The method for producing an asymmetric multilayer ceramic filter of the present invention comprises the steps of: (a) filling, mixing, and extruding ceramic powder to form a cylindrical ceramic support layer; And (b) filling and mixing the ceramic powder having a size of 1/5 to 1/20 of the ceramic powder than the previous step, and injection molding the surface of the inner layer to form a ceramic coating layer. Step (b) is performed at least once so that the average pore size of each layer is 40 nm to 0.2 μm.

According to a specific embodiment of the present invention, the step (a) is extrusion-molded by mixing and mixing the ceramic powder having a diameter of 25㎛ ~ 35㎛ and then fired 110 minutes to 130 minutes at 1350 ℃ ~ 1450 ℃ cylindrical ceramic Forming the support layer, (b) step (b-1) after filling and mixing the ceramic powder having a diameter of 2.5㎛ ~ 3.5㎛ by injection molding on the surface of the ceramic support layer 110 minutes ~ 130 at 1300 ℃ ~ 1350 ℃ Powder firing to form a first ceramic coating layer, and (b-2) filling and mixing a ceramic powder having a diameter of 0.25 μm to 0.35 μm, and injection molding the surface of the first ceramic coating layer to 1300 ° C. to 1350 ° C. 110 minutes to 130 minutes of baking to form a second ceramic coating layer.

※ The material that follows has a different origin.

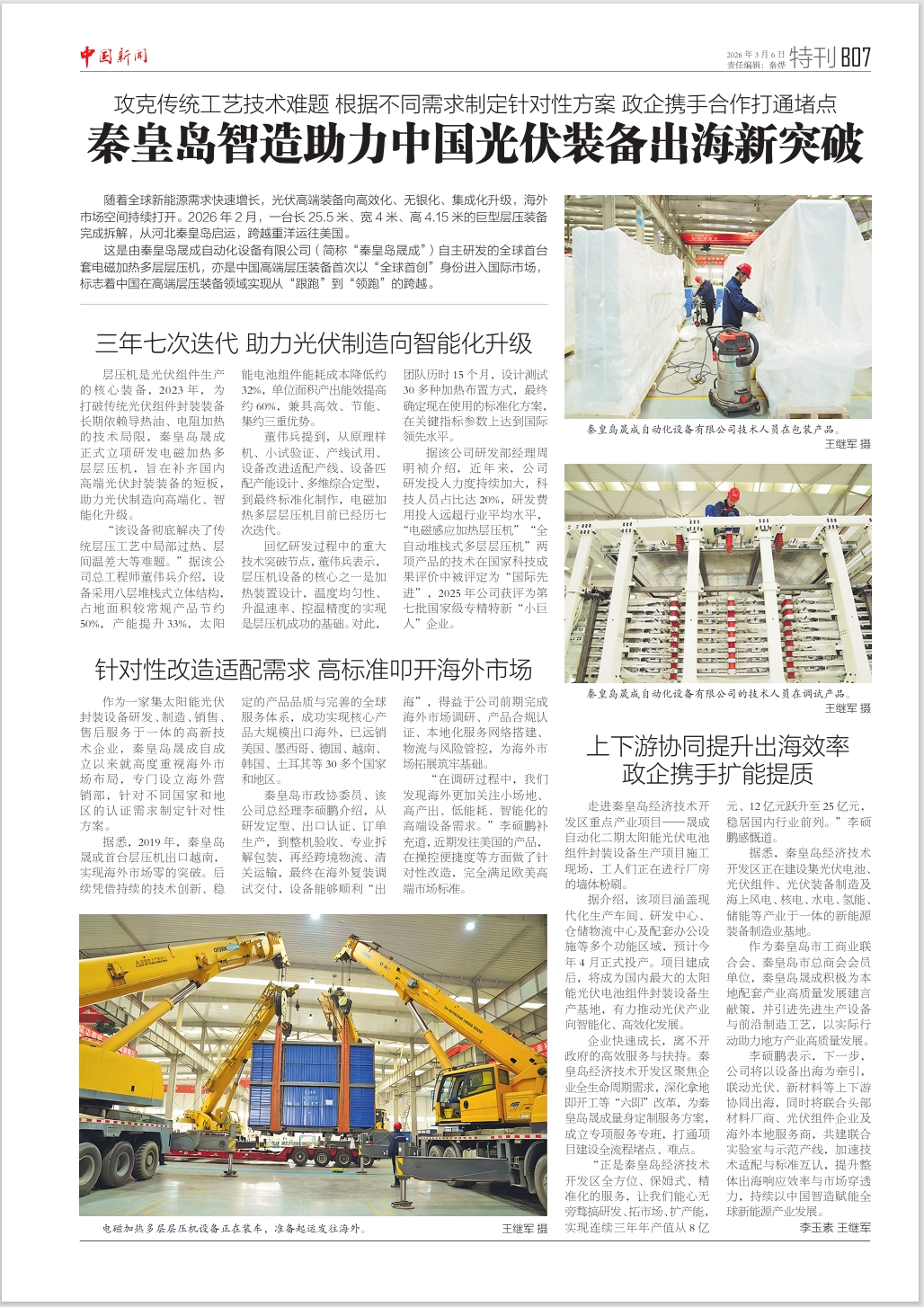 隨著全球新能源需求快速增長,光伏高端裝備向高效化、無銀化、集成化升級,海外市場空間持續(xù)打開。2026年2月,一臺長25.5米、寬4米、高4.15米的巨型層壓裝備完成拆解,從河北秦皇島啟運,跨越重洋運往美國。

In addition, after step (b-2), (b-3) filling and mixing the ceramic powder having a diameter of 50 nm to 70 nm, and injection molding the surface of the second ceramic coating layer, and then forming the powder at 110 minutes at 1150 ° C to 1250 ° C. The method may further include forming a surface layer by baking for 130 minutes.

After step (b) above, (c) AgNO ₃ The silver nanoparticles are deposited in an atmosphere, and the silver nanoparticles are deposited on each layer, further including the step of heat treatment at 600 ° C to 900 ° C. This silver nanoparticle deposition step may be performed for each layer each time to form each layer of the ceramic filter.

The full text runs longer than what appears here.